赤朱倒地指著谢问柳啊了几声没有说出话来,嘴里喷出一口血立时断了气,谢问柳手一松,那柄剑嵌在了赤朱的胸膛上。帐营外一阵阵脚步声,博野连忙跳了下来,推了一把谢问柳,他才如梦初醒了过来,将剑拔出回鞘,又将楚天暮那把嵌金七星拔出,沾血丢在地上。
谢问柳一出营帐就见苏木儿带人匆匆赶来,苏木儿一见谢问柳便打招呼,经过几次短兵相接,他不由对这位卖豆腐出身的将军有了几分敬意。
「谢大人,刚才赤朱让我营地立即准备三千名马上弓箭手,怎麽回事?」
谢问柳拉过他,小声道:「我们当中有内奸,计策已经败露。。。。。。」
苏木儿大吃一惊,谢问柳低声道:「这个内奸就是楚天暮,赤朱想要抓他,反被他识破加害了,博野刚处置了他,这件事等明早儿起来,君上会处理。
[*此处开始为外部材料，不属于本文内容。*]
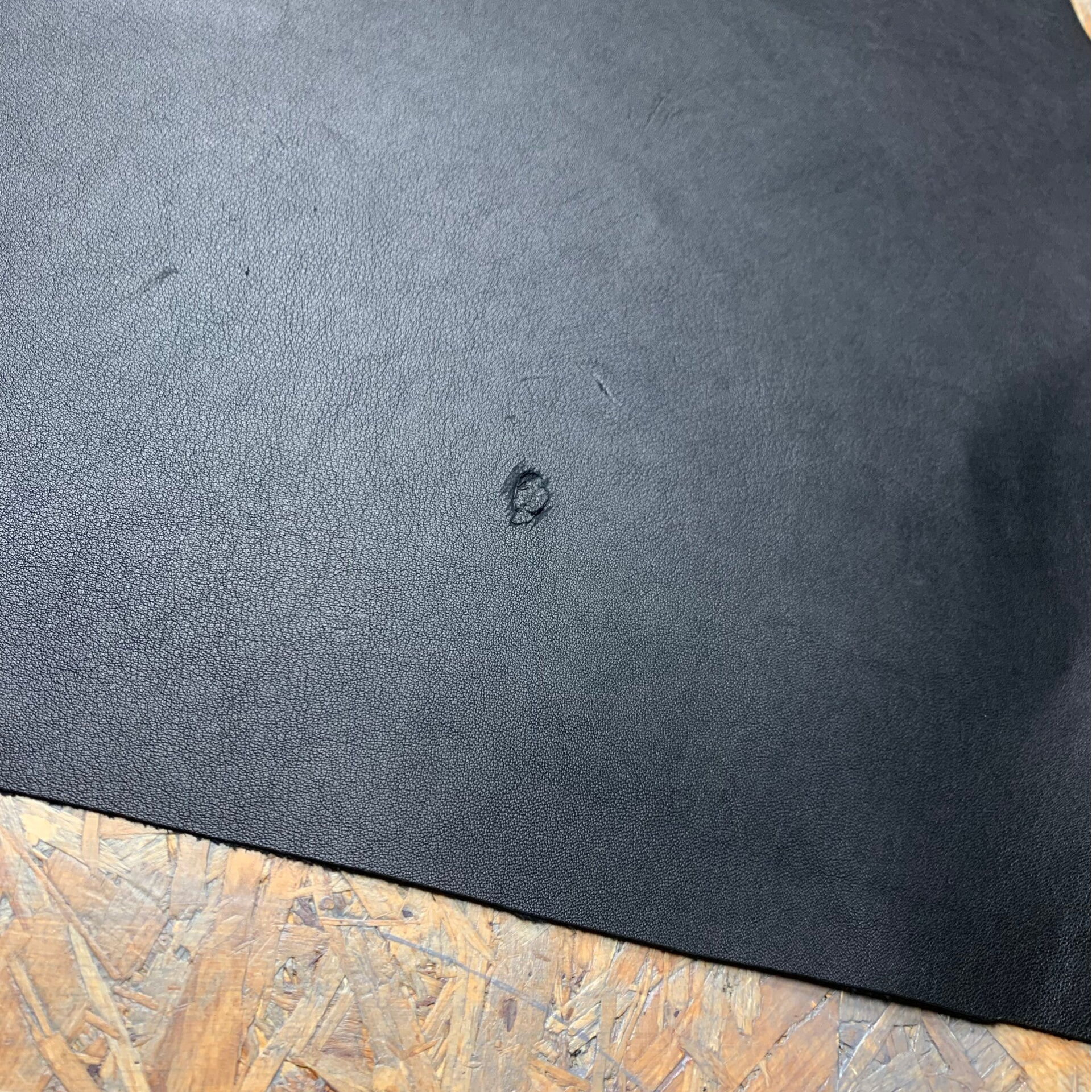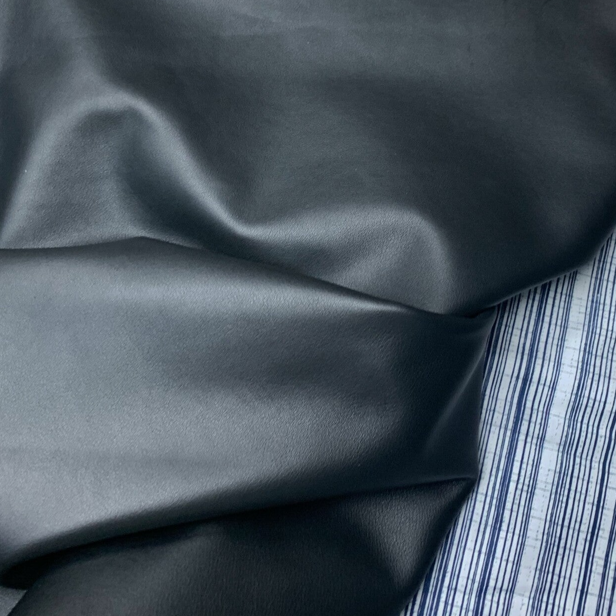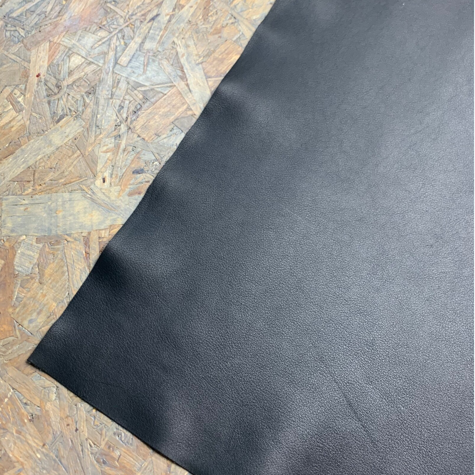 Een soepele zwarte leren lap met zwarte achterkant
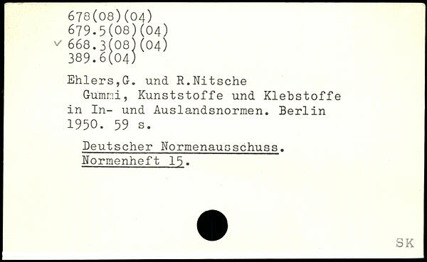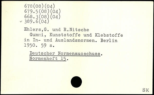 Gummi, Kunststoffe und Klebstoffe in In- und Auslandsnormen.
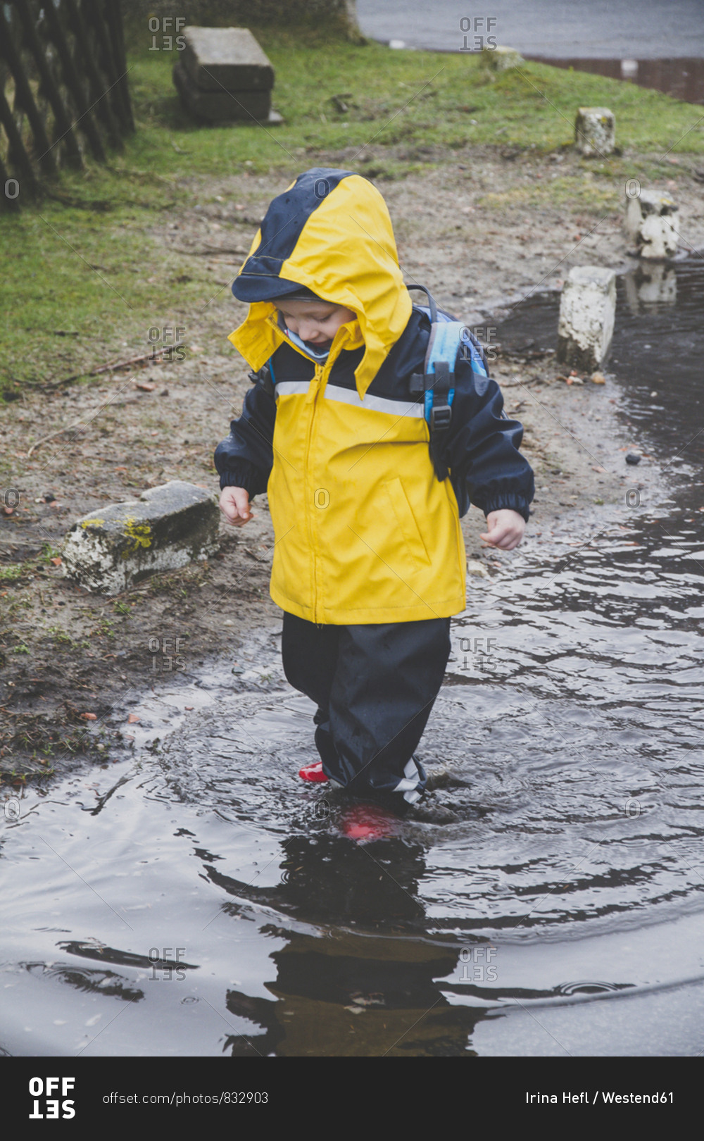 Little boy in a rainsuit exploring a puddle- Sylt- Germany
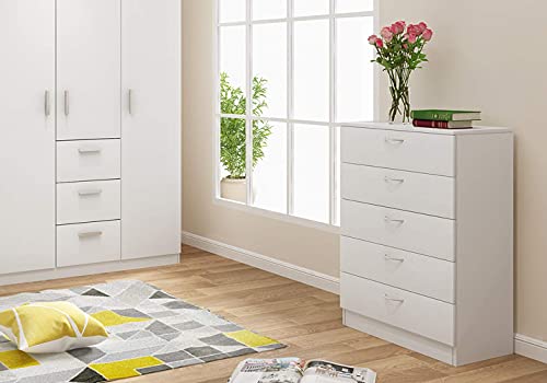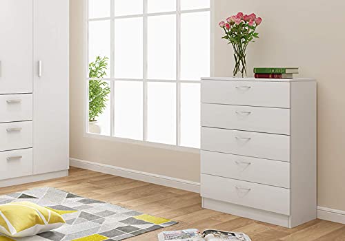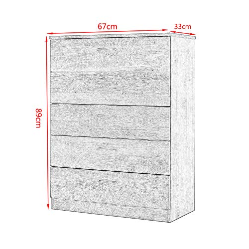 Panana - Panana Wooden Bedside Table with 5 Drawers for Living Room, Bedroom, Office, 67 x 33 x 89 cm (White)

。。。。。」
苏木儿已经被一连串的事件给弄晕了,好久才道:「那今夜?」
「照样拔营!不过。。。。。。是我去,就带三千马上弓箭手,但我要带上十几万人的帐篷。」他见苏木儿还在发呆,便掏出虎符道:「苏木儿听令,速速去办!」
苏木儿一见虎符,立即应了声是。
不一会儿,三千马箭手已经齐齐立在江边,这个时候江面上起了很大的雾,在营地朦胧的灯火下,像是挂在江面上的千道沙。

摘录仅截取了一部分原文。